Jason Stanley to speak on U.S. as “incarceration nation” at UNE’s Hume Lecture
Twenty-five percent of the world’s prisoners are in the United States, though the country is home to only five percent of the world’s population.
Addressing this discrepancy and other matters related to the country’s criminal justice system will be the University of New England’s 2015 David Hume Lecture speaker Jason Stanley, Ph.D., professor of philosophy at Yale University. Stanley will present “The War on Thugs: Where Do We Go From Here?” on October 15 at 5:30 p.m. in the St. Francis Room of the Jack Ketchum Library on UNE’s Biddeford Campus. The event is free and open to the public.

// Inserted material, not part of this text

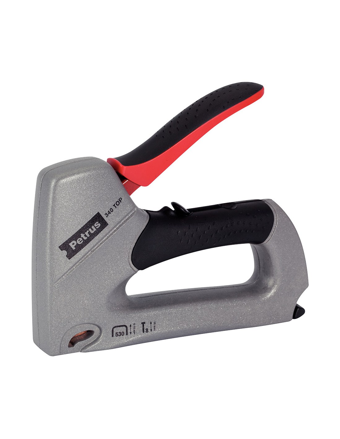 Clavadora mod. 340 tipo de grapa longitud de grapa 6/14mm 530 top. clavadora ligera, potente y duradera con gran capacidad para el bricolaje. ideal para tejidos, piel, cartones, mallas, etc. con ajuste de potencia. medida: 200 x 45 x 205 mm

The lecture addresses the concern that the United States has become the “incarceration nation,” with more than 2.4 million American citizens in prison or jail. According to Stanley, that number is up from 300,000 in 1972. Millions more, he says, are facing futures that have been destroyed by a system that makes mugshots and criminal records available to any potential employer or landlord who can use the internet.
Stanley will examine the factors that led the nation to a point where “we lack empathy for our fellow citizens” and will explore ways in which the U.S. must create change in its public culture before the criminal justice system can be remediated.
Before arriving at Yale in 2013, Stanley was a professor at Rutgers University, the University of Michigan and Cornell University. He earned his Ph.D. from MIT. Stanley has authored four books, including his most recent, How Propaganda Works (2015).
The David Hume Lecture is sponsored by The Human Nature Project at UNE and is supported by the Department of History and Philosophy and the College of Arts and Sciences.